## Task details
Please set down only the lines below starting with the line with "商品名称:限定系列OCH.春装 亚麻混纺镂空上衣polo领短袖针织衫女 100815" and going on through the line with "Friedrich Nietzsche: Fr.", verbatim and without pictures.

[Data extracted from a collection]
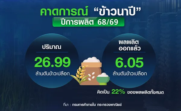 โดยจากข้อมูล กรมการค้าภายใน กระทรวงพาณิชย์ ระบุว่า คาดว่าข้าวนาปี ปีการผลิต 68/69 จะมีปริมาณ 26.99 ล้านตันข้าวเปลือก หรือ 17.54 ล้านตันข้าวสาร โดยปัจจุบันมีผลผลิตออกสู่ตลาดแล้ว 6.05 ล้านตันข้าวเปลือก หรือ 3.9 ล้านตันข้าวสาร หรือคิดเป็นร้อยละ 22 ของผลผลิตทั้งหมด และคาดว่าช่วงเดือนพฤศจิกายนผลผลิตจะออกมามากที่สุด
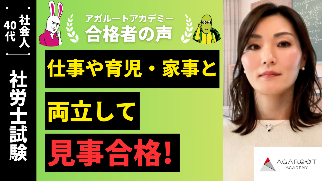 アガルートの講座を受ける前は別の通信講座を1年間受けていました。そちらの講座はテキストが法令メインで図解も少なく、テキストと併せて動画の解説をしっかり聞かないと理解が難しかったです。仕事、家事、育児と両立しながら確実に合格に近づくためにはもう少し効率的に勉強をする必要があると感じていました。アガルートの講座はサンプルテキストが分かりやすく、テキストだけで理解できる部分も多そうだったので受講を決めました。ホームルームと定期カウンセリングがあったのも魅力でした。
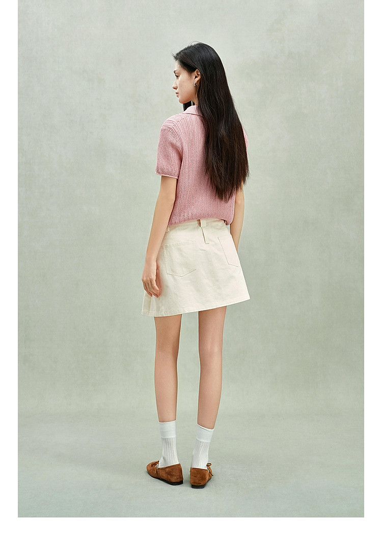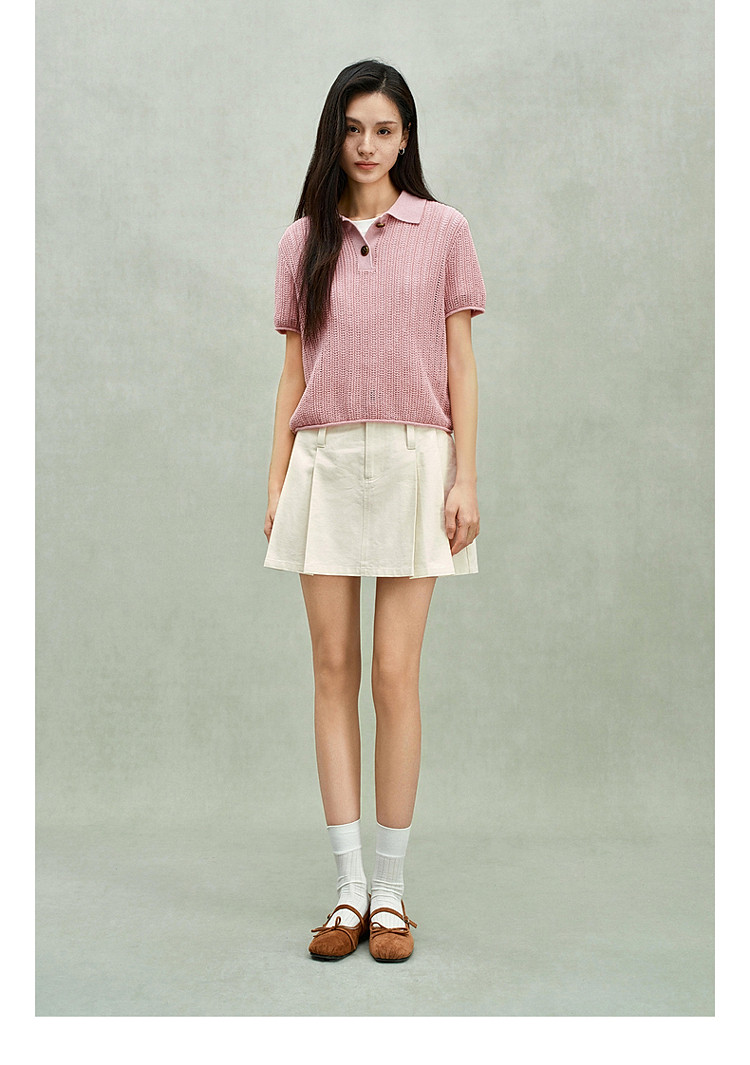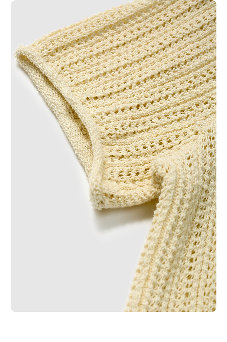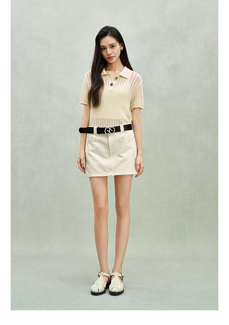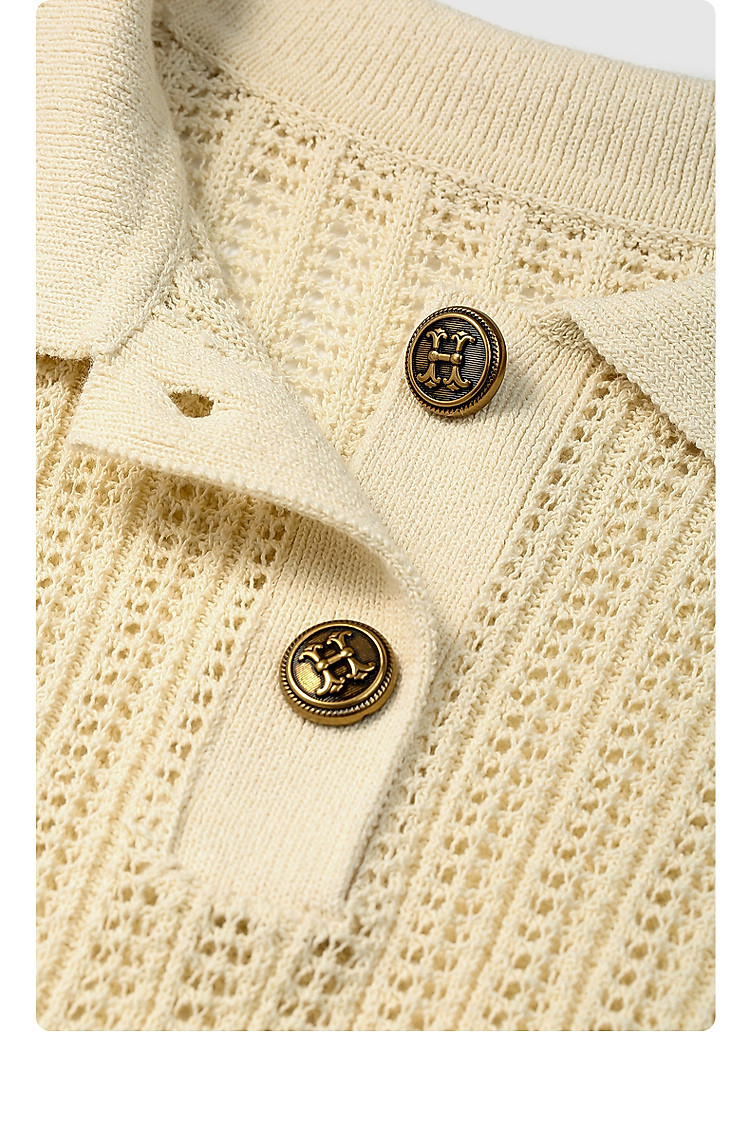 商品名称:限定系列OCH.春装 亚麻混纺镂空上衣polo领短袖针织衫女 100815
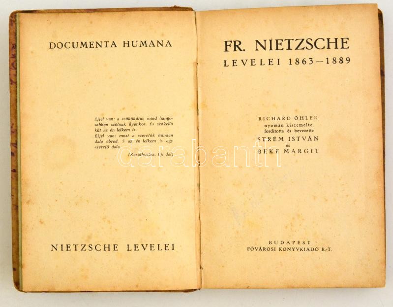 Friedrich Nietzsche: Fr. Nietzsche levelei 1863-1889. Richard Öhler nyomán kiszemelte, fordította, és bevezette Strém István, és Beke Margit. Documenta Humana. Bp.,[1923], Fővárosi Könyvkiadó Rt. Korabeli átkötött kartonált papírkötésben, kissé kopott borítóval, kissé foltos lapokkal. Megjelent 100 példányban.
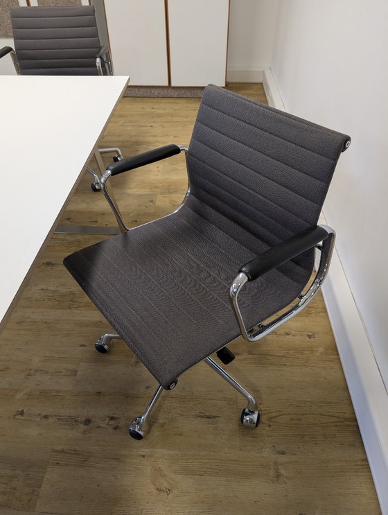 Chaises Eames originales en aluminium Vitra : 1 chaise modèle EA 117. Conçues par Charles et Ray Eames, ces chaises sont des icônes du design intemporel, incarnant l’élégance et le confort. Une seule chaise est à vendre ; deux sont disponibles.
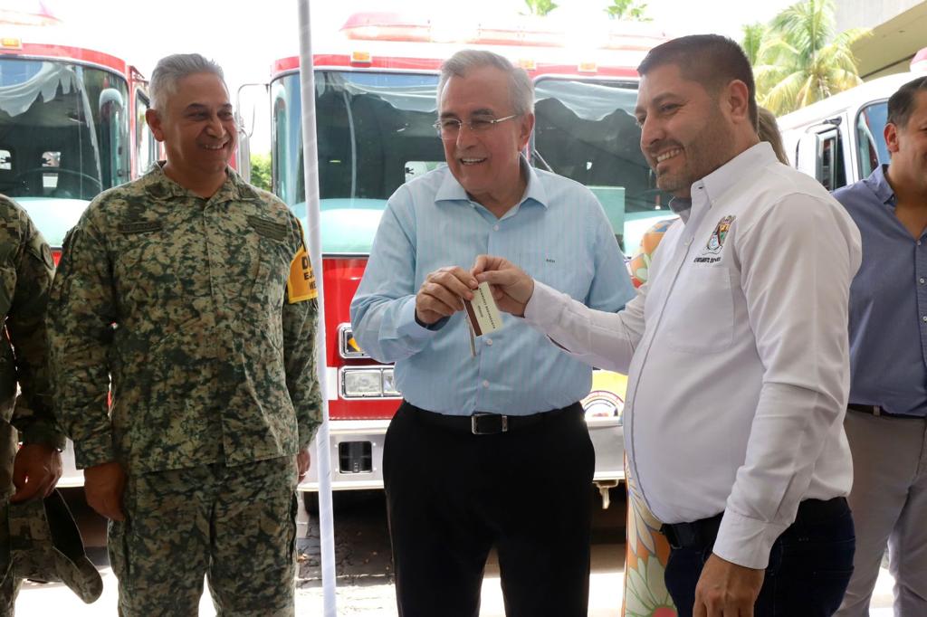 Además de la presencia de José Paz López Elenes presidente municipal de Badiraguato, Amalia Gastélum Barraza presidenta municipal de Choix, Raúl Díaz Bernal presidente municipal de Concordia, Carla Úrsula Corrales Corrales presidenta municipal de Cosalá, Claudia Liliana Valdez Aguilar presidenta municipal de Rosario y Octavio Bastidas Manjarrez presidente municipal de San Ignacio, a quienes se les hizo entrega de los camiones de bomberos y el equipo de rescate.

## Exercise output
 商品名称:限定系列OCH.春装 亚麻混纺镂空上衣polo领短袖针织衫女 100815
 Friedrich Nietzsche: Fr. Nietzsche levelei 1863-1889. Richard Öhler nyomán kiszemelte, fordította, és bevezette Strém István, és Beke Margit. Documenta Humana. Bp.,[1923], Fővárosi Könyvkiadó Rt. Korabeli átkötött kartonált papírkötésben, kissé kopott borítóval, kissé foltos lapokkal. Megjelent 100 példányban.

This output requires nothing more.